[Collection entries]
Segment Open

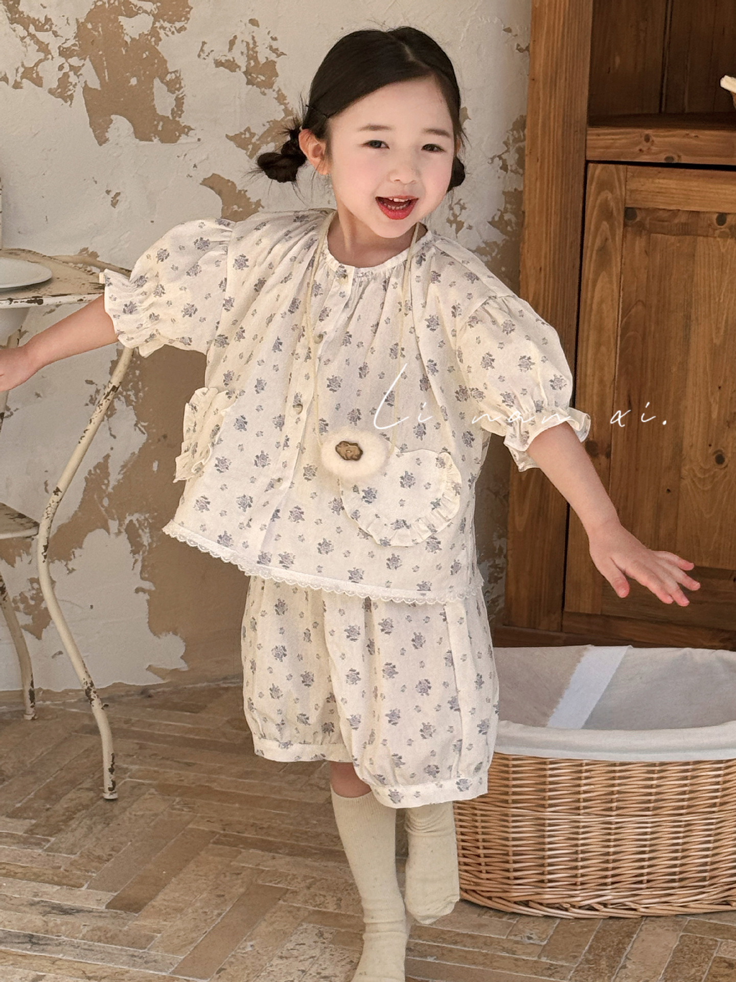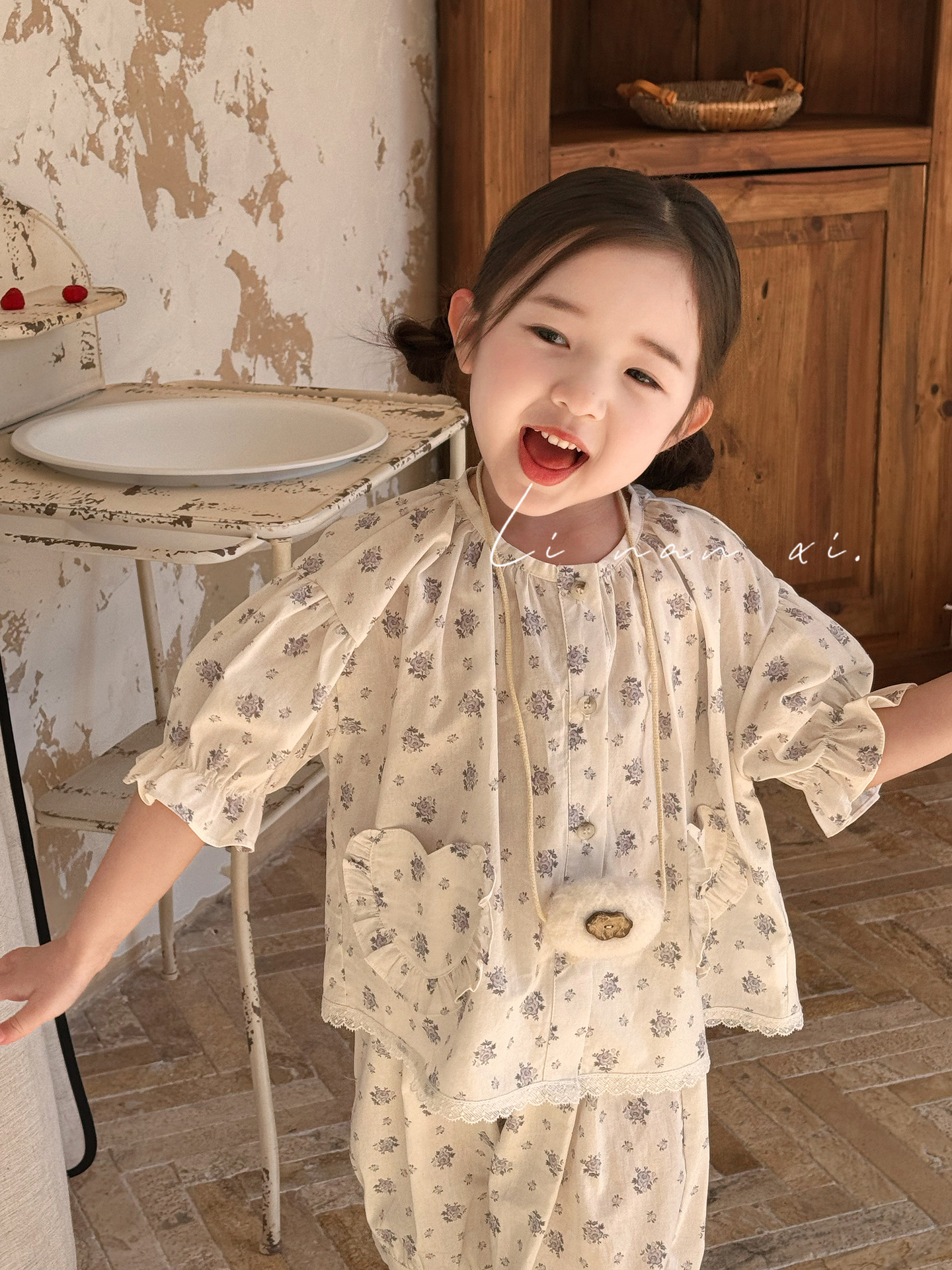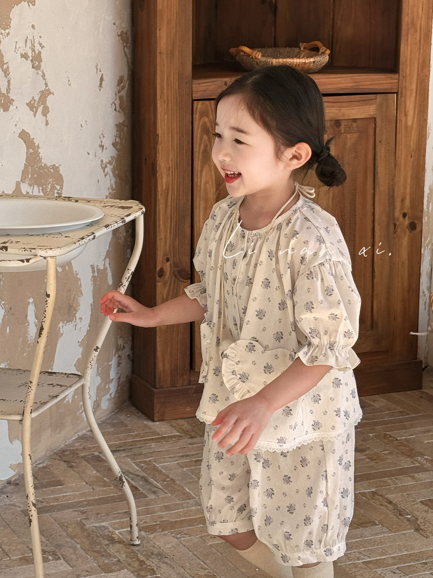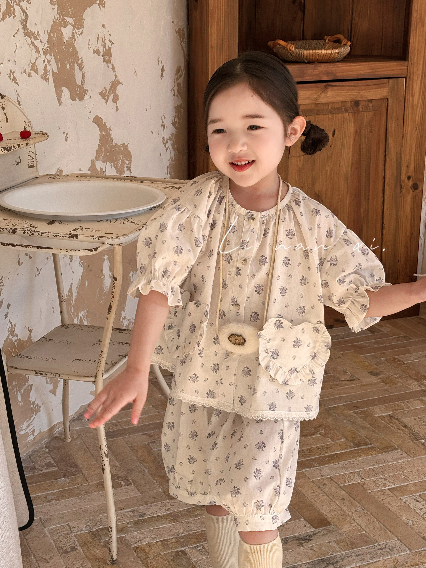 85496 여자 새로운 여름 꽃 목회 스타일 신선한 레이스 달콤한 홈 옷 잠옷 세트 두 조각스토어 가기
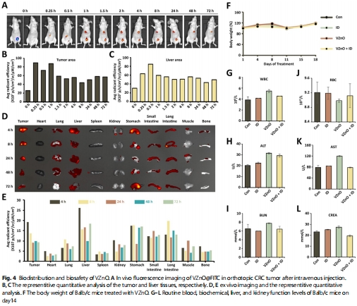 VZnO@FITC在CRC瘤內富集(4h達峰)(圖4A-C);
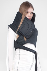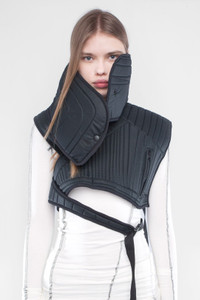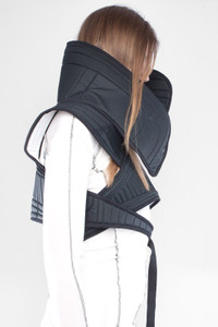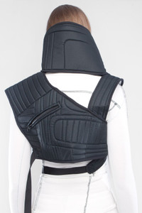 Rare Limited Edition DEMOBAZA 'Neck Pad Sidhi' neoprene denim padded high neck asymmetrical vest designed by Demo+Tono. • Futuristic / Postapocalyptic look • Adjusted by buckles • Unisex universal size. • Retail Price: $200 USD (SOLDOUT) Shipped worldwide with premium carriers (DHL Express, FedEx, UPS) within 24 hours after payment cleared. #demobaza #techwearaccessories #avantgarde #postapocalyptic #burningman #steampunk #neckpad #futurefashion #techwear #deibido #limitededition #soldout
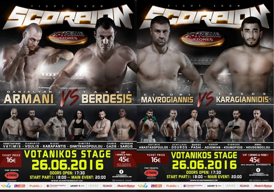 Την Κυριακή 26 Ιουνίου οι Μάριος Πασάι και ‘Αμπι Χοσένης θα ανέβουν στο ρινγκ του Scorpion Night, σε δύο αγώνες που περιμένουμε με μεγάλο ενδιαφέρον. Για τον Μάριο Πασάϊ είναι η επιστροφή του στα ρινγκ ένα χρόνο μετά την εντυπωσιακή νίκη του απέναντι στο Τσέλα Μάριο στο Iron Challenge, ενώ ο ‘Αμπι Χοσένης κάνει την πρώτη του εμφάνιση σε επαγγελματική διοργάνωση, πολύ καλά προετοιμασμένος και με στόχο, εκτός από μία καλή εμφάνιση, τη νίκη. Ο Μάριος Πασάι θα αγωνισθεί εναντίον του Nτούρου Αχιλλέα στα 70 Kg, ενώ ο Χοσένης Άμπι εναντίον του Κουνοπίδη Γεωργίου στα 75 Kg.
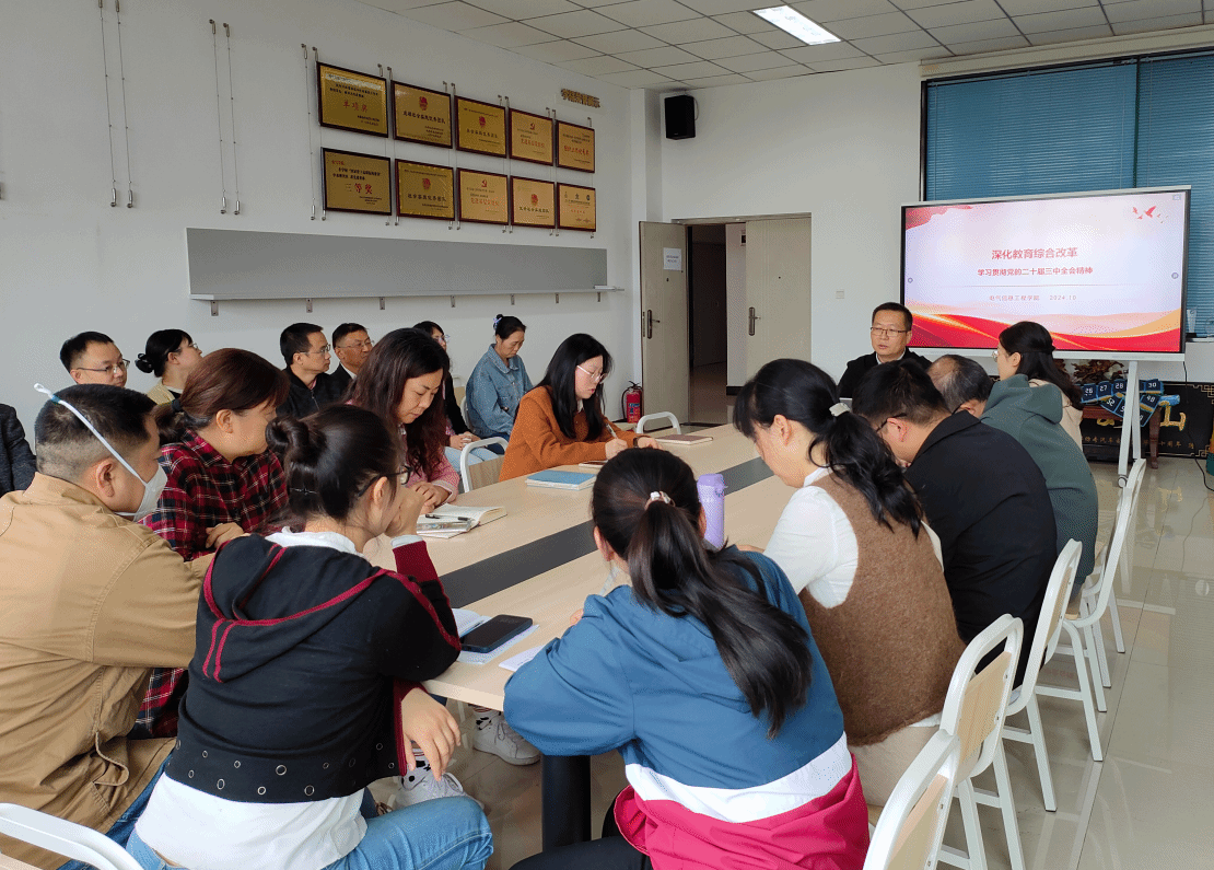姚玲峰以我国教育、科技、人才建设现状为切入点,指出我国教育现代化发展总体水平跨入世界中上国家行列,新时代教育事业取得历史性成就、发生格局性变化,但是在建设教育强国上仍存在差距与短板,实现从教育大国向教育强国的跨越还任重道远。同时,他重点解析了深化教育科技人才体制机制一体改革部署及深化教育综合改革的重点举措。对此,姚玲峰提出要求,一是党员老师要深入学习贯彻全会精神,着眼拔尖创新技术人才培养,加强企业主导的产学研深度融合,提升自身教书育人能力;二是针对新形势新要求,要自觉把改革摆在更加突出位置,不断完善落实立德树人根本任务、促进员工全面发展的体制机制,努力培养更多让党放心、爱国奉献、担当民族复兴重任的时代新人。
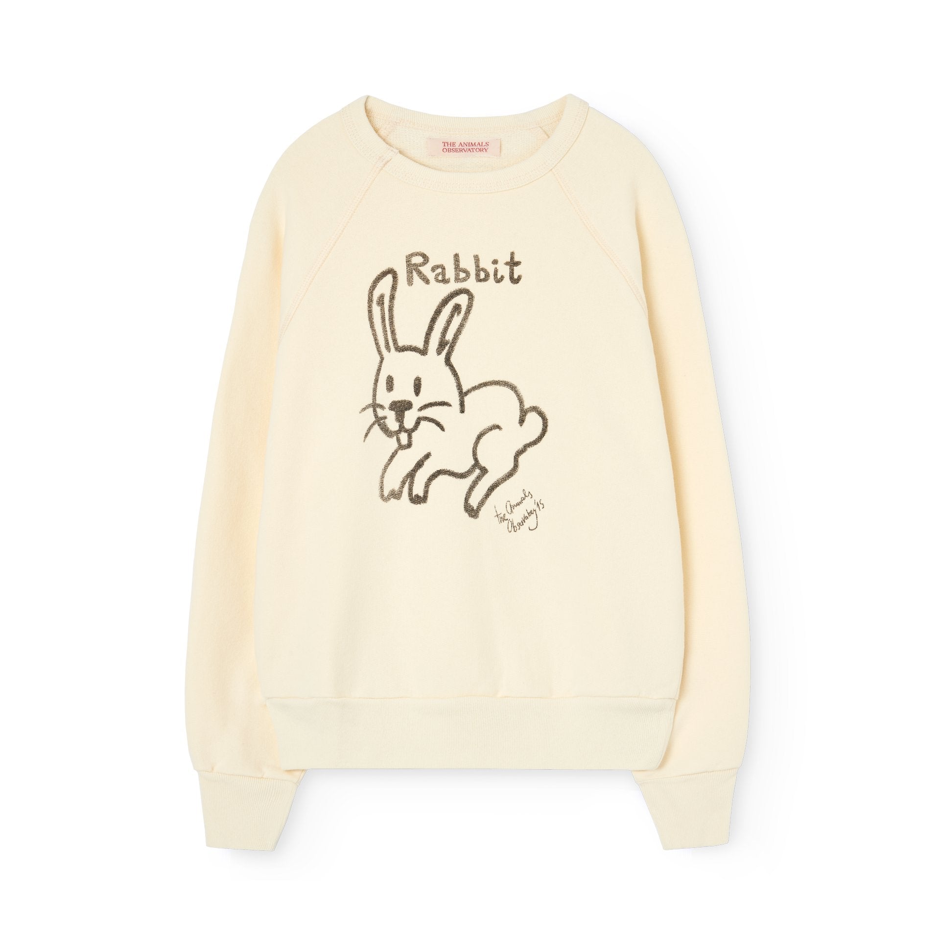 A raw white sweatshirt featuring a lively rabbit in motion, bringing a touch of playfulness and energy to every adventure.

Segment Closed

## Task details
Please return, exactly as written, the lines from the first line of the records above through the line containing "VZnO@FITC在CRC瘤內富集(4h達峰)(圖4A-C);", both included, leaving out any pictures.

## Exercise result
 85496 여자 새로운 여름 꽃 목회 스타일 신선한 레이스 달콤한 홈 옷 잠옷 세트 두 조각스토어 가기
 VZnO@FITC在CRC瘤內富集(4h達峰)(圖4A-C);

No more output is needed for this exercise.